Work instructions ▸
Reproduce the entries exactly, but keep the pictures out of the copy.

(Items from a dataset)
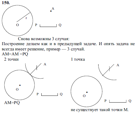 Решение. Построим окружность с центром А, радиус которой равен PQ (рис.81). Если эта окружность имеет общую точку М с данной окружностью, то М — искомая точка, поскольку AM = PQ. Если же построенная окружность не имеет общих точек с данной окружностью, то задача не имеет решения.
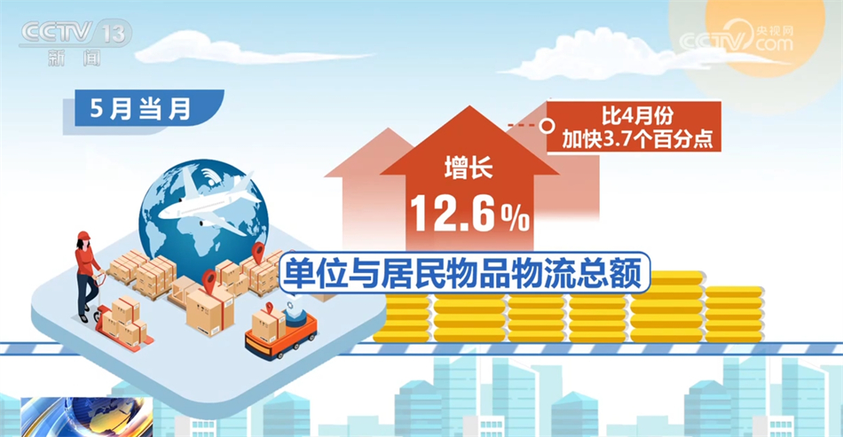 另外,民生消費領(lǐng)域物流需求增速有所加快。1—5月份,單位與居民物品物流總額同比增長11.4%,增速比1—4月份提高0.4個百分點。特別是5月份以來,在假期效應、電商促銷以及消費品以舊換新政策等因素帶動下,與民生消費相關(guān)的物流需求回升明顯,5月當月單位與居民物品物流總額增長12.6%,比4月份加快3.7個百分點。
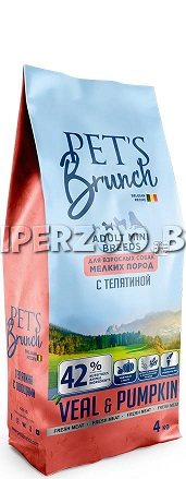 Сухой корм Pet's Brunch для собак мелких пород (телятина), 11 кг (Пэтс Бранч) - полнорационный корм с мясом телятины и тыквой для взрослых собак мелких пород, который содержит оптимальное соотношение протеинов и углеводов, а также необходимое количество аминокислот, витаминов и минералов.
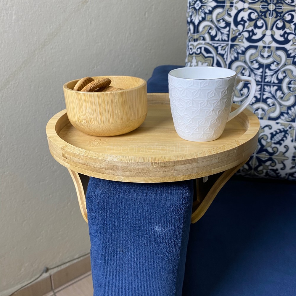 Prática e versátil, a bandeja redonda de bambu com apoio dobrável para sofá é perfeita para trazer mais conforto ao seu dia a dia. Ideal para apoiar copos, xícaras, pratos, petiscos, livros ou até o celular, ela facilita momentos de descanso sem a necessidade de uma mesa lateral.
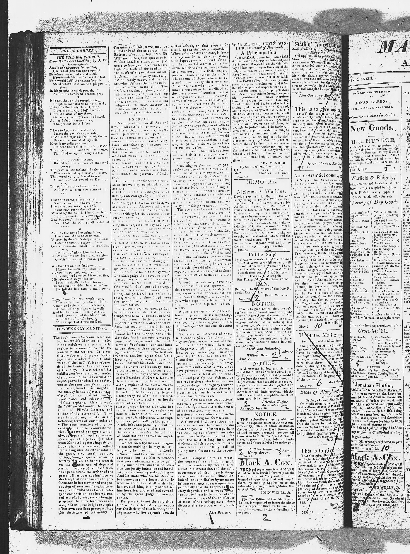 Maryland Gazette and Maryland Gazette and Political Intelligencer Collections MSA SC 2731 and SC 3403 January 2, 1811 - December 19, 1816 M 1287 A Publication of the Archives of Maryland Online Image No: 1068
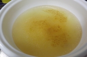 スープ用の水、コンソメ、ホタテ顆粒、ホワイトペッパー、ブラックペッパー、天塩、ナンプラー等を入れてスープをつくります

Result of the exercise ▸
 Решение. Построим окружность с центром А, радиус которой равен PQ (рис.81). Если эта окружность имеет общую точку М с данной окружностью, то М — искомая точка, поскольку AM = PQ. Если же построенная окружность не имеет общих точек с данной окружностью, то задача не имеет решения.
 另外,民生消費領(lǐng)域物流需求增速有所加快。1—5月份,單位與居民物品物流總額同比增長11.4%,增速比1—4月份提高0.4個百分點。特別是5月份以來,在假期效應、電商促銷以及消費品以舊換新政策等因素帶動下,與民生消費相關(guān)的物流需求回升明顯,5月當月單位與居民物品物流總額增長12.6%,比4月份加快3.7個百分點。
 Сухой корм Pet's Brunch для собак мелких пород (телятина), 11 кг (Пэтс Бранч) - полнорационный корм с мясом телятины и тыквой для взрослых собак мелких пород, который содержит оптимальное соотношение протеинов и углеводов, а также необходимое количество аминокислот, витаминов и минералов.
 Prática e versátil, a bandeja redonda de bambu com apoio dobrável para sofá é perfeita para trazer mais conforto ao seu dia a dia. Ideal para apoiar copos, xícaras, pratos, petiscos, livros ou até o celular, ela facilita momentos de descanso sem a necessidade de uma mesa lateral.
 Maryland Gazette and Maryland Gazette and Political Intelligencer Collections MSA SC 2731 and SC 3403 January 2, 1811 - December 19, 1816 M 1287 A Publication of the Archives of Maryland Online Image No: 1068
 スープ用の水、コンソメ、ホタテ顆粒、ホワイトペッパー、ブラックペッパー、天塩、ナンプラー等を入れてスープをつくります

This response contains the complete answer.